OOS 2-4 - Remote sensing from leaf to landscape 

Monday, August 7, 2017: 2:30 PM
Portland Blrm 255, Oregon Convention Center
Nancy F. Glenn1, Nayani Ilangakoon1, Hamid Dashti1, Jessica Mitchell2, Jake Graham3, Aihua Li3, Susan Ustin4, Yi Qi5, Lucas Spaete6, Ryan Will3 and Shawn Benner3, (1)Geosciences, Boise State University, Boise, ID, (2)Department of Geography and Planning, Appalachian State University, (3)Boise State University, (4)Land, Air and Water Resources, UC Davis, Center for Spatial Technologies and Remote Sensing, Davis, CA, (5)Department of Land, Air and Water Resources, University of California, Davis, Davis, CA, (6)Geosceinces, Boise State University, Boise, ID

Remote sensing provides both fine and coarse scale observations of Earth's complex environmental systems. For example, leaf-scale observations of Nitrogen and water content can be made with spectroscopy; whereas vegetation density and cover can be observed across landscape scales with optical imagery and/or lidar. Snow properties can be estimated with lidar and imaging spectroscopy, as can soil carbon. These remote sensing observations can help predict the responses of Earth's complex systems, such as the critical zone, to environmental forcings, as well as provide a level of uncertainty in the predictions.

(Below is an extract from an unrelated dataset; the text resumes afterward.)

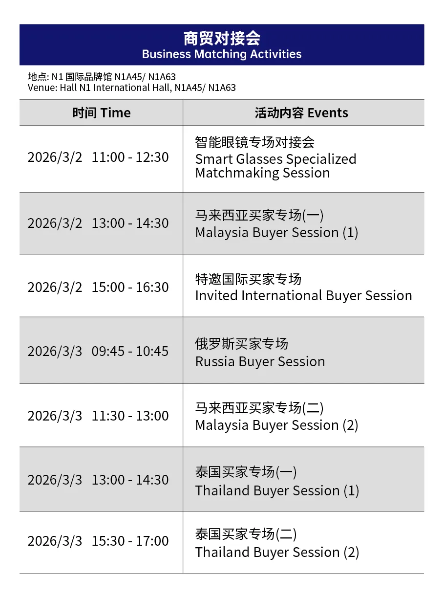 根据官方日程,今天有多场国际买家专场对接会在N1馆举行:

In this study we present a number of cutting-edge remote sensing techniques to measure the critical zone, and to make measurements and estimate uncertainties across scales. We use 3-d point clouds to monitor seasonal vegetation growth, changes in biomass and leaf area index, and to measure micro-topography in a manipulated climate experiment. The results from this work demonstrate our capacity to measure vegetation growth at the individual level, as well as capture changes in microtopography across seasons. We also explore the applicability of using raster versus point cloud data and demonstrate that in almost all instances, point cloud estimates are far superior to raster-based metrics in determining vegetation parameters. In an environment where 3-d point clouds fail to capture the heterogeneity, we utilize full-waveform lidar data to derive a number of similar biophysical parameters across space. We also use a combination of hyperspectral and lidar observations to inform and spatially map organic soil carbon across landscape scales. In all of these studies, our models explain at least 60% of the variance in our site-level observations with RMSEs that support high-quality data models. The results from these studies are currently being used to inform ecosystem dynamics models, model the critical zone, and to determine priority areas for restoration across the landscape.